People v. Nunez

Decision Date20 August 2014
Citation2014 N.Y. Slip Op. 05900,991 N.Y.S.2d 121,120 A.D.3d 714
PartiesThe PEOPLE, etc., respondent, v. Raul NUNEZ, appellant.
CourtNew York Supreme Court — Appellate Division

OPINION TEXT STARTS HERE

Lynn W.L. Fahey, New York, N.Y. (Denise A. Corsi of counsel), for appellant, and appellant pro se.

Richard A. Brown, District Attorney, Kew Gardens, N.Y. (John M. Castellano, Johnnette Traill, and Emil Bricker of counsel), for respondent.

WILLIAM F. MASTRO, J.P., PLUMMER E. LOTT, SANDRA L. SGROI, and HECTOR D. LaSALLE, JJ.

Appeal by the defendant from a judgment of the Supreme Court, Queens County (Kron, J.), rendered April 7, 2011, convicting him of attempted manslaughter in the first degree (two counts), aggravated assault upon a police officer, criminal possession of a weapon in the second degree, attempted assault in the first degree (two counts), assault on a police officer, theft of services, and resisting arrest, upon a jury verdict, and imposing sentence. The appeal brings up for review the denial, after a hearing (Gross, J.), of that branch of the defendant's omnibus motion which was to suppress his statements to law enforcement officials.

ORDERED that the judgment is modified, on the law, by vacating the conviction of assault on a police officer, as charged in count ten of the indictment, vacating the sentence imposed thereon, and remitting the matter to the Supreme Court, Queens County, for a new trial as to that count of the indictment; as so modified, the judgment is affirmed.

The charges against the defendant arose from an incident in which he shot and seriously wounded two police officers in a subway station, and allegedly attempted to shoot a third officer.

Contrary to the defendant's contention, the Supreme Court did not err in denying his request to charge assault in the second degree under Penal Law § 120.05(4) as a lesser-included offense of the counts of attempted assault in the first degree and aggravated assault upon a police officer, with respect to the shooting of Police Officer Farina. When viewed in the light most favorable to the defendant, there was no reasonable view of the evidence that the defendant acted recklessly, rather than intentionally, in firing a gun at Officer Farina, particularly as the record showed that the defendant grabbed a gun belonging to a police officer during a physical struggle with Officer Farina and then fired the gun in close proximity to Officer Farina, striking him ( see People v. Gutt, 101 A.D.3d 423, 424, 954 N.Y.S.2d 535; People v. Funchess, 284 A.D.2d 478, 728 N.Y.S.2d 175; People v. Ellis, 230 A.D.2d 751, 646 N.Y.S.2d 452).

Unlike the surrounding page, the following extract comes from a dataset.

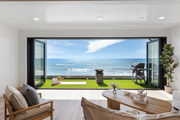 This condo was the perfect blend of hotel and rental experience. All bedrooms had their own bathrooms so it felt like little mini hotel rooms with a huge shared living space where we could enjoy games, movies, meals, etc. together. The panoramic opening on the patio gave the entire place an exclusive oceanfront feel -- we loved waking up to the crashing waves every morning! For those of us who love being near the water without getting sand everywhere, the balcony was the perfect hangout. I believe this is a relatively new listing, so they were still ironing out some kinks in terms of access codes, but they were responsive in helping us solve for the problems as they arose. They will also bring you fresh towels, additional supplies (paper towels, etc.) throughout your stay -- another hotel-like feature that isn't typical for rentals. The kitchen was very well-stocked as far as appliances, and they do offer a service to stock your groceries ahead of time if you'd like. We opted for Instacart deliveries when we arrived. This condo was about a 10-min walk from the Oceanside pier. There are a few eateries and a mini-mart within 10 minutes walking as well. All in all we'd definitely rent with Beachfront Only again!

However, the Supreme Court should have submitted a justification charge to the jury with respect to the crime of assault on a police officer under Penal Law § 120.08, as charged in count ten of the indictment. As relevant here, “justification is comprised of both subjective and objective elements. The subjective element is concerned with whether the defendant believed that the use of deadly force was necessary; while under the objective prong, the jury must consider whether a reasonable person in the defendant's circumstances would have believed that deadly force was required” (People v. Umali, 10 N.Y.3d 417, 425, 859 N.Y.S.2d 104, 888 N.E.2d 1046). When a defense of justification is raised, the People must demonstrate beyond a reasonable doubt that the defendant did not believe deadly force was necessary or that a reasonable person in the same situation would not have perceived that deadly force was necessary” ( id.). A trial “court is obliged to give a justification charge whenever the evidence, reasonably viewed in the light most favorable to the defendant, supports the charge” (People v. Lauderdale, 295 A.D.2d 539, 540, 746 N.Y.S.2d 163; see People v. Padgett, 60 N.Y.2d 142, 144, 468 N.Y.S.2d 854, 456 N.E.2d 795; People v. Torres, 288 A.D.2d 406, 732 N.Y.S.2d 898).

Contrary to the determination of the Supreme Court, the defense of justification is potentially applicable to the crime of assault on a police officer under Penal Law § 120.08 ( see People v. Cain, 236 A.D.2d 788, 653 N.Y.S.2d 739; People v. Dare, 175 A.D.2d 586, 586–587, 572 N.Y.S.2d 251; see also People v. Magliato, 68 N.Y.2d 24, 29, 505 N.Y.S.2d 836, 496 N.E.2d 856). Further, a reasonable view of the evidence in this case supported a justification charge with respect to count ten of the indictment charging the defendant with assault on a police officer under Penal Law § 120.08 ( see People v. Fermin, 36 A.D.3d 934, 935–936, 828 N.Y.S.2d 546; see also People v. Molina, 101 A.D.3d 577, 955 N.Y.S.2d 514; People v. Curry, 85 A.D.3d 1209, 1211–1212, 924 N.Y.S.2d 217). Consequently, the defendant is entitled to a new trial as to count ten of the indictment. However, contrary to the defendant's assertion, there was no “spillover” effect emanating from this error with respect to the remaining charges as, inter alia, the trial court delivered a justification charge with respect to the remaining counts to which it was applicable.

The Supreme Court did not improvidently exercise its discretion in denying the jury's request for a readback of the defense summation remarks ( see People v. Smith, 4 A.D.3d 378, 770 N.Y.S.2d 876; People v. Dixon, 277 A.D.2d 65, 717 N.Y.S.2d 517).

The sentences imposed with respect to the convictions of attempted manslaughter in the first degree (two counts), aggravated assault upon a police officer, criminal possession of a weapon in the second degree, attempted assault in the first degree (two counts), theft of services, and resisting arrest were not excessive ( see People v. Suitte, 90 A.D.2d 80, 455 N.Y.S.2d 675).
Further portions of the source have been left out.